Hanzade Sultan (, "descendent of the Khan";  1609 - 21 September 1650) was an Ottoman princess, the daughter of Sultan Ahmed I (r. 1603–1617) and Kösem Sultan. She was a half sister of Osman II (r. 1618–1622) and a sister of Murad IV (r. 1623–1640) and Ibrahim I (r. 1640–1648), and the paternal aunt of Mehmed IV (r. 1648–1687), Suleiman II (r. 1687-1691) and Ahmed II (r. 1691-1695).

Life
Hanzade Sultan was born in 1609. She was the daughter of Sultan Ahmed I. Her mother was Kösem Sultan. After her father's death in 1617, she settled in the Old Palace.
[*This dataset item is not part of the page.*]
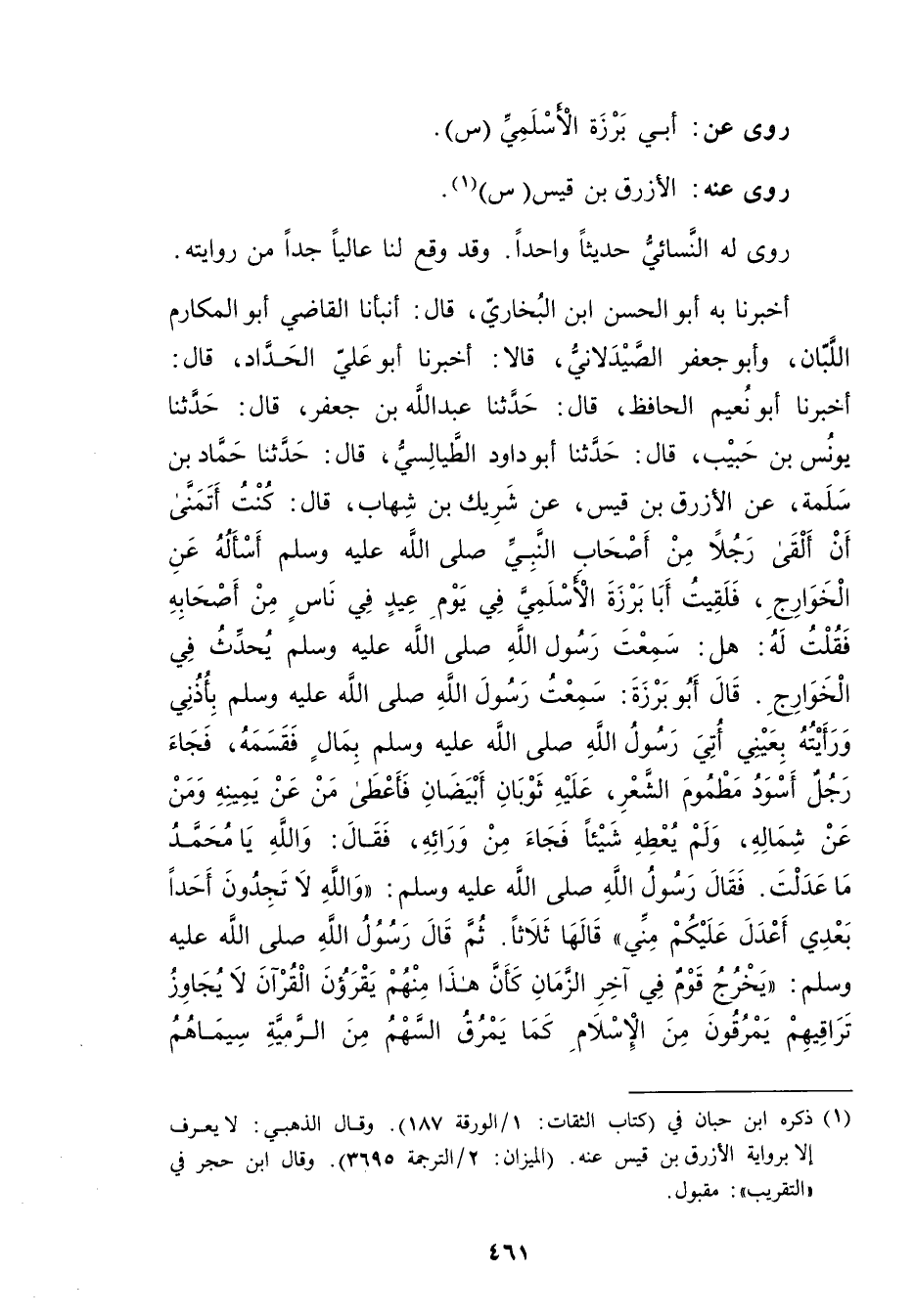 أَخْبَرَنَا بِهِ أَبُو الْحَسَنِ بْنُ الْبُخَارِيِّ، قال: أَنْبَأَنَا القاضي أَبُو المكارم اللبان، وأبو جعفر الصيدلاني، قالا: أَخْبَرَنَا أَبُو عَلِيّ الحداد، قال: أَخْبَرَنَا أبو نعيم الحافظ، قال: حَدَّثَنَا عَبد الله بْن جعفر، قال: حَدَّثَنَا يُونُسُ بْنُ حَبِيبٍ، قال: حَدَّثَنَا أبو داود الطيالسي، قال: حَدَّثَنَا حماد بْن سلمة، عَنِ الأَزْرَقِ بْنِ قَيْسٍ، عَنْ شَرِيك بْنِ شِهَابٍ، قال: كُنْتُ أَتَمَنَّى أَنْ أَلْقَى رَجُلا مِنْ أصحاب النَّبِيّ صَلَّى اللَّهُ عليه وسَلَّمَ أَسْأَلُهُ عَنِ الْخَوَارِجِ، فَلَقِيتُ أَبَا بَرْزَةَ الأَسلميّ فِي يَوْمِ عِيدٍ فِي نَاسٍ مِنْ أَصْحَابِهِ فَقُلْتُ لَهُ: هَلْ: سَمِعْتَ رَسُولَ اللَّهِ صلى الله عليه وسلم يحدث في الخوارج. قال أبوبرزة: سمعت رَسُول اللَّهِ صَلَّى اللَّهُ عَلَيْهِ وسَلَّمَ بِأُذُنِي ورَأَيْتُهُ بِعَيْنِي أَتَى رَسُولَ اللَّهِ صلى الله عَلَيْهِ وسَلَّمَ بِمَالٍ فَقَسَّمَهُ، فَجَاءَ رَجُلٌ أَسْوَدُ مَطْمُومُ الشَّعْرِ، عَلَيْهِ ثَوْبَانِ أَبِيَضَانِ فَأَعْطَى مَنْ عَنْ يَمِينِهِ ومَنْ عَنْ شِمَالِهِ، ولَمْ يُعْطِهِ شَيْئًا فَجَاءَ مِنْ ورَائِهِ، فَقال: واللَّهِ يَا مُحَمَّدُ مَا عَدَلْتَ. فَقال رَسُولُ اللَّهِ صَلَّى اللَّهُ عَلَيْهِ وسَلَّمَ: واللَّهِ لا تَجِدُونَ أَحَدًا بَعْدِي أَعْدَلَ عَلَيْكُمْ مِنِّي"قَالَهَا ثَلاثًا. ثُمَّ قال رَسُول اللَّهِ صلى الله عليه وسَلَّمَ: يَخْرُجُ قَوْمٌ فِي آخِرِ الزمان كأن هذا منهم يقرؤن القرآن لا يجاوز تراقيم يَمْرُقُونَ مِنَ الإِسْلامِ كَمَا يَمْرُقُ السهم من الرمية سيماهم

Hanzade married Ladliki Bayram Pasha, who was then the agha of the Janissaries in 1623 in the Old Palace. Esin Akalin, notes that her elaborate bridal procession was escorted among the cheering crowds in the streets of Istanbul by the vezirs of the Sultan. By this marriage, Hanzade had a daughter who name is unknown and who probraly died in infancy. 

After Bayram's death in 1638, she married vezir Nakkaş Mustafa Pasha in October 1639 in the Bayram Pasha Palace.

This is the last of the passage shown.